### MATERIAL SHOWN
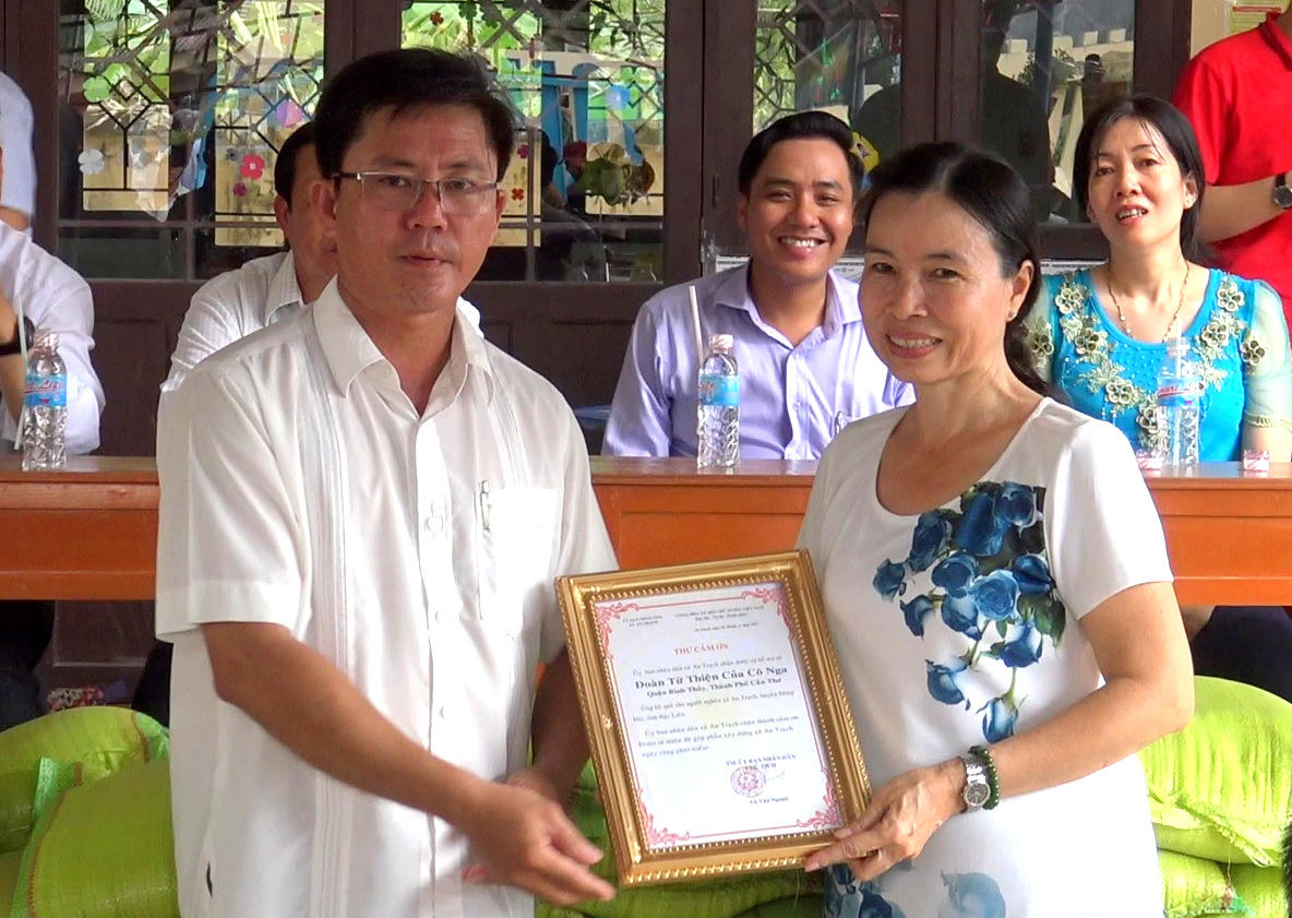 | Ông Võ Văn Ngoan, Chủ tịch UBND xã An Trạch trao thư cảm ơn cho đoàn từ thiện của cô Nguyễn Thị Nga. |
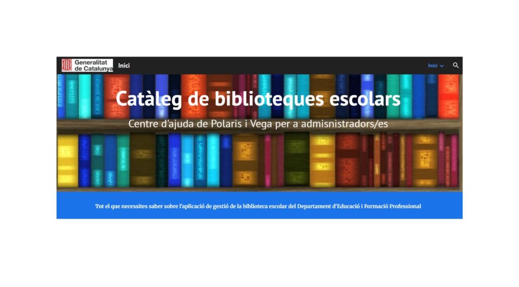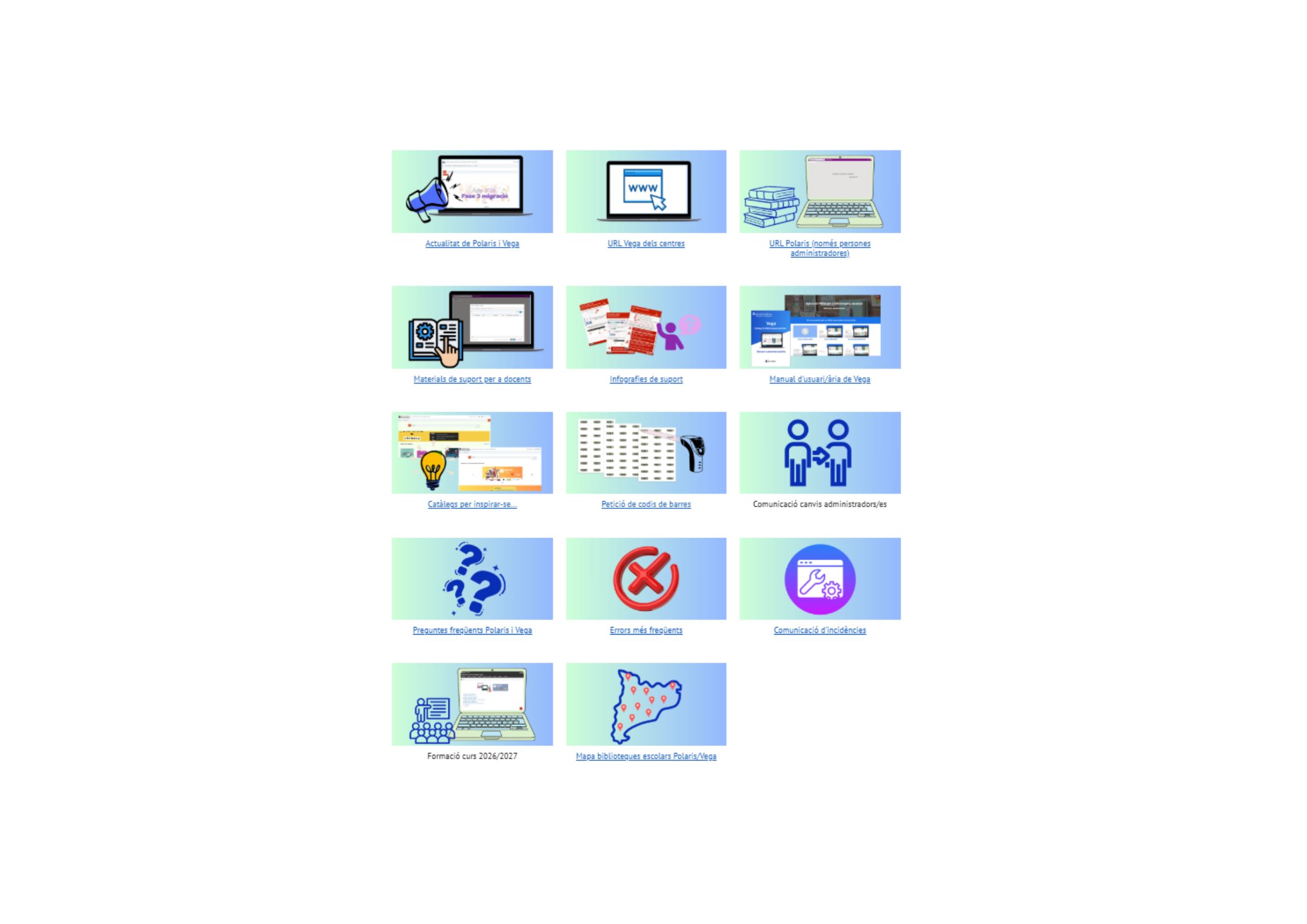 L’espai conté la informació agrupada per temàtiques: actualitat de Polaris i Vega, URL Vega dels centres, URL Polaris (només persones administradores), materials de suport per a docents, infografies de suport, manual d’usuari/ària de Vega, catàlegs per inspirar-se, petició de codis de barres, comunicació canvis administradors/es, preguntes freqüents Polaris i Vega, errors més freqüents, comunicació d’incidències. formació curs 2026/2027 i mapa biblioteques escolars Polaris/Vega.
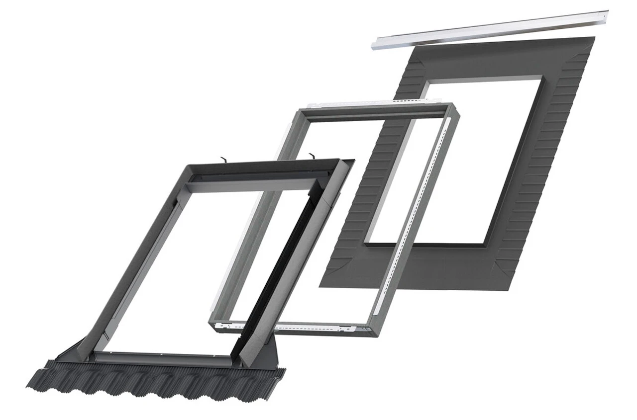 VELUX replacement flashings make it easy to replace VELUX roof windows without removing the existing lining. The roof windows are simply replaced in the existing aperture. This lets you enjoy a new window without the extra work involved in interior decoration or bathroom retiling. EW replacement flashing kit for replacing single roof windows in tiles up to 120mm thick. Includes BDX insulation collar for optimum energy efficiency.
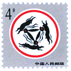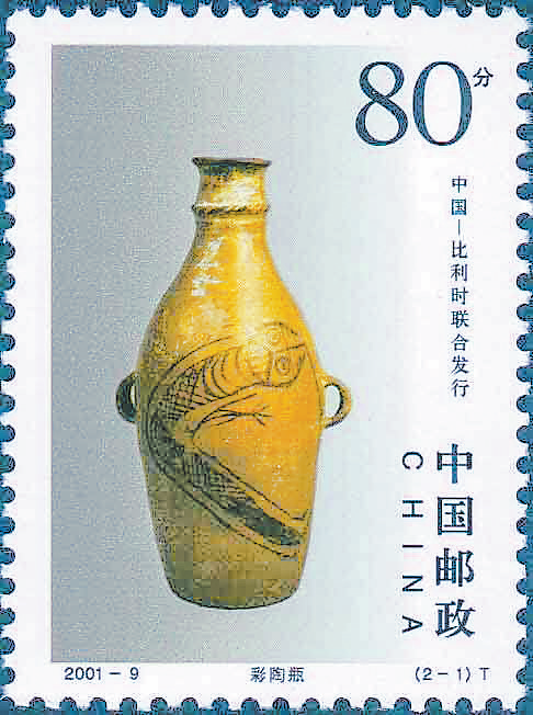 1957年,天水市甘谷县西坪乡出土了人面鲵鱼彩陶瓶,该瓶为新石器时代仰韶文化庙底沟类型的晚期彩陶文物,1996年9月被国家文物局鉴定为国家一级文物,现藏于甘肃省博物馆。2001年6月12日发行《陶瓷》(2001-9)特种邮票全套2枚,其中第一枚即为“人面鲵鱼彩陶瓶”。
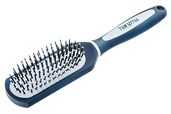 Профессиональная массажная щётка для волос harizma. Овальная мягкая подушка с 7 рядами штырьков из термостойкого нейлона с шариковыми наконечниками. Комфортная ручка с покрытием Soft Touch.

### WHAT YOU NEED TO DO
Your task is to reproduce exactly the lines running from the line that contains "1957年,天水市甘谷县西坪" to the end of the records, pictures excluded.

### THE ANSWER
 1957年,天水市甘谷县西坪乡出土了人面鲵鱼彩陶瓶,该瓶为新石器时代仰韶文化庙底沟类型的晚期彩陶文物,1996年9月被国家文物局鉴定为国家一级文物,现藏于甘肃省博物馆。2001年6月12日发行《陶瓷》(2001-9)特种邮票全套2枚,其中第一枚即为“人面鲵鱼彩陶瓶”。
 Профессиональная массажная щётка для волос harizma. Овальная мягкая подушка с 7 рядами штырьков из термостойкого нейлона с шариковыми наконечниками. Комфортная ручка с покрытием Soft Touch.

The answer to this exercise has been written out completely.